BSP forecasts BOP surplus in 2024 and 2025

The country’s balance of payments (BOP) position is expected to remain in surplus this year and in 2025 as global economic activity picks up and boosting Philippine exports and investments amid lower inflation, according to central bank officials.

During its June 13 regular meeting, the Bangko Sentral ng Pilipinas’ (BSP) policy-making arm the Monetary Board approved a higher BOP surplus projection of $1.6 billion for 2024 versus its March 15 estimate of only $700 million.

For 2025, the BSP forecasts $1.5 billion BOP surplus, an improvement from its previous projection of $500 million deficit.

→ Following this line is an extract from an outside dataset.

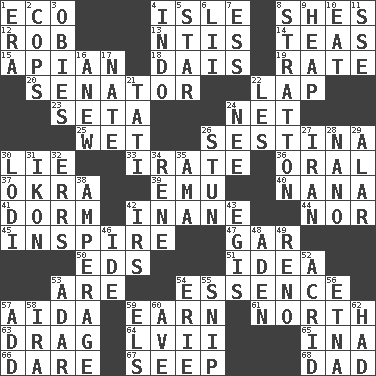 ACROSS 1. Environmental prefix 4. Small island 8. "______ My Girl" (Turtles hit) 12. Director Reiner 13. Nuclear Threat Initiatives 14. Beverages made from leaves 15. Bee-related 18. Raised platform 19. Assign a rank or rating to 20. Legislator 22. Infant locale 23. Bristle 24. Fish or hair follower 25. Soggy 26. French poetic form 30. Untruth 33. Feeling or showing extreme anger 36. Spoken 37. Gumbo ingredient 39. Australian flightless bird 40. Nanny 41. Dormintory (informal) 42. Empty; void 44. And not 45. Motivate 47. Slender fish 50. Begley and Asner 51. It may be bright or harebrained 53. "We ___ not amused" (Victoria) 54. Gist 57. Opera by Verdi 59. Merit 61. _ pole 63. To draw with force 64. 57 in ancient Rome 65. _ tizzy (2 wds.) 66. Have the gumption 67. Ooze 68. June honoree DOWN 1. Period 2. 911 reaches them 3. Off-Broadway awards 4. _ china 5. Play the lead 6. Cards in a Roman deck? 7. Curvy letter 8. Ski resort town in Vermont 9. Pile 10. Erode 11. Compass dir. 16. Afresh 17. Nathan's nickname 21. Jacques of French films 22. French article 24. Born 26. Astound 27. SW Asia republic 28. Billionth: prefix 29. Having or resembling wings 30. Farming town in central California 31. Picture 32. Blunders 34. French philosopher Descartes 35. Housemaid (var.) 38. Electrical Measurement 42. Big collection agency 43. Armor plate that protects the chest 46. Binary compound 48. Arabian gulf 49. Former U.S. Attorney General Janet 52. Bitter 53. The sixth month of the Jewish calendar 54. 4th largest of the Great Lakes 55. Clip 56. Inactive volcano in Sicily 57. Increase 58. Lyricist Gershwin 59. Raised railways 60. "___ Maria" 62. Possessed
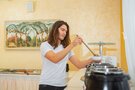 Здесь удобная плетеная мебель как под навесом, так и на открытой территории. Большинство кулинарных мастер-классов проводятся на свежем воздухе, включая приготовление блюд на мангале. Наслаждаться блюдами ресторана, любуясь рекой и лесом на открытой площадке за рестораном — идеальное место для этого.

In a press briefing Friday, June 14, BSP Director Sittie Hannisha M. Butocan of the Department of Economic Research said there are several key considerations in revising the previous BOP projections. These are faster pace of global growth, easing global inflation and the recovery in the global electronics demand. The downside is the moderate China growth and increased political and economic uncertainty including geopolitical tensions and weather-related shocks.

On the local side, they see steady growth, a lower inflation trajectory and public investments in infrastructure will continue. The downside is on the weaker-than-expected gross domestic product (GDP) in the first quarter, impact of higher BSP interest rates and bad weather conditions.

For this year, based on the latest developments and data, the BSP estimates the current account deficit will be lower at $4.7 billion versus the previous forecast of $6.1 billion shortfall due to the narrowing merchandise trade gap.

This is as the growth in goods exports is now expected to increase higher by five percent to $58.1 billion compared to three percent in the March 15 forecast. Goods imports, however, has a lower projection this time at two percent to $123.5 billion from the previous four percent growth.

The BSP said services exports are seen to grow by 14 percent this year to $55.1 billion versus an earlier forecast of 16 percent while services imports are expected to reach $33 billion this year or a 13 percent growth compared to 10 percent earlier.

Butocan said for 2024, the overall BOP position is expected to be better on the back of a lower current account deficit combined with higher non-resident investment inflows.

The BSP projects a lower current account deficit due to the narrowing of the merchandise trade gap as growth in goods imports will moderate because of lower import prices.

The BSP also said that the recently ratified Regional Comprehensive Economic Partnership (RCEP) Agreement which is “seen to support greater market access for goods and services, reduced trade barriers, and improved export competitiveness from simplified and harmonized rules” will provide “an additional boost to the trade sector outlook.”

Under the BOP projections, the growth for travel receipts and business process outsourcing (BPO) revenues are also seen to maintain its pace. For 2024, the BSP expects BPO revenues to grow by seven percent while travel receipts will expand by 40 percent.

The current account will also get its support from remittance inflows from overseas Filipinos which is still expected to grow by three percent annually.

Meanwhile, the BSP estimates net foreign direct investments (FDIs) will reach $9.5 billion this year, up from the previous forecast of $9 billion. For 2025, net FDI is expected to climb to $10.5 billion.

As for the net foreign portfolio investments (FPIs) or hot money funds, the central bank estimates $3.1 billion, higher than the previous projection of $1.3 billion. For next year, the BSP expects net hot money of $2.2 billion.

The BSP said the growth in FDIs and FPIs is “reinforced by the ongoing operationalization of the implementing rules and regulations of key investment reforms aimed at providing a more conducive business environment in the country.”

For this year, the BSP also forecasts a gross international reserves (GIR) of $104 billion. This was higher than the March 15 projection of $103 billion.

For 2025, the GIR is expected to be higher at $105 billion.

According to the BSP, the emerging external outlook for 2024 and 2025 remains “cautiously optimistic” amid a set of risks that has stayed “broadly unchanged” such as: the evolving geopolitical tension in the Middle East which warrants further monitoring as these could ignite fresh set of challenges (higher crude oil prices and weaker sentiment); and aggravate existing ones (monetary policy tightening by central banks).